‘Most accidents due to tyre burst, leading to driver losing control of vehicle, caused by overloading’
The stand-off between tipper lorry operators and Motor Vehicles Department (MVD) personnel has shed light on the manifold safety issues posed by overloaded goods carriers. The stalemate intensified following a recent social media campaign against the department and an official who imposed a hefty fine on a tipper lorry in Pathanapuram in Kollam district for overloading.
Additional Transport Commissioner Pramoj Shankar said there would be no let-up in the drive against overloaded tipper lorries and other goods carriers, considering the grave safety hazards and damage to roads, when the gross vehicle weight (GVW) exceeded the safe axle weight prescribed for each vehicle. “Often, lorry operators add leaf springs to the suspension to carry a few tonnes more than the permissible load.
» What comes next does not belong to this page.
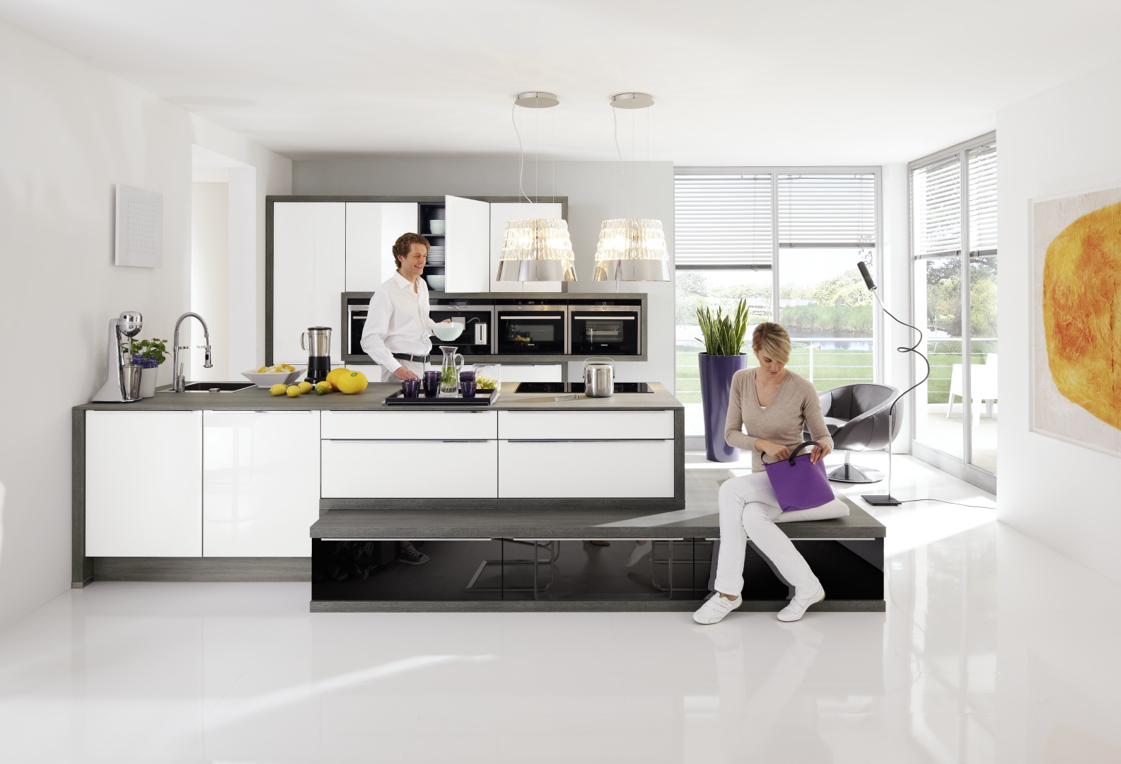 高光玻璃白與高光玻璃黑的組合,黑白顏色對比鮮明。玻璃表面光滑,亮度高,防水性能優(yōu)。一體式把手線條優(yōu)美。與島臺相連的休息區(qū)的設計讓廚房不再是傳統(tǒng)意義上的廚房,更像是一個交流、休憩的場所,使烹飪者不再孤獨,可減輕勞作的枯燥感。
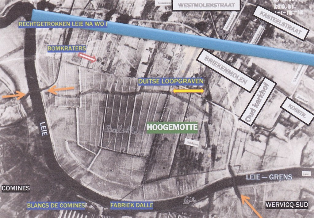 26 juni 1918. Deze dag staat genoteerd als de dag waarop een geallieerd squadron rond 20 uur een luchtaanval uitvoerde boven de Leievallei te Wervik en Bousbecque, en vier fatale bommen dropte boven de ingang van de fabriek Blancs de Comines. Het resultaat was verschrikkelijk: op deze plaats stierven 38 opgeëiste Zivilarbeiter uit Hamme, Zele en Baasrode. Niets herinnert nog aan dit triestig feit. Zelfs hun namen zijn onvindbaar op het lokale kerkhof.

This is a violation of body-code norms and motor vehicle rules,” he said.
Such illegal and unsafe alterations also substantially affect the service life of vehicles and of roads which may not be designed to bear such weight. Many lorry operators do not seem to be aware of this, he added.
On how overloading considerably affected braking and the vehicle’s dynamics, especially so since most tipper lorries are driven in a rash manner, a senior official of the MVD’s enforcement wing said, “They [vehicles] end up in major accidents. We get to see innumerable instances of axles of such vehicles breaking on undulated roads, at curves or when climbing an incline / overbridge. Their suspension also suffers damage.”
Almost all accidents caused by tyre burst, leading to driver losing control of the vehicle, too have been attributed to overload. Two-wheeler riders and pedestrians passing by are especially at risk in such situations. Few lorry operators give thought to how a single lorry carrying load that ought to be carried in two lorries, affects the livelihood and income of other operators and drivers, he added.
The added emphasis on public safety and allied aspects found resonance in the revised penalty that the motor vehicle rules prescribe for overloading. An excess of one tonne load attracts a fine of ₹10,000, while ₹1,500 is imposed for every additional tonnage beyond that.
Tipper Lorry and Earth Moving Equipment Owners Association secretary N.R. Shaji said the association had exhorted operators and drivers not to load beyond the ‘body level’, following awareness classes organised by MVD personnel. There could be stray exceptions in some districts where there is a tendency to violate the condition, he said.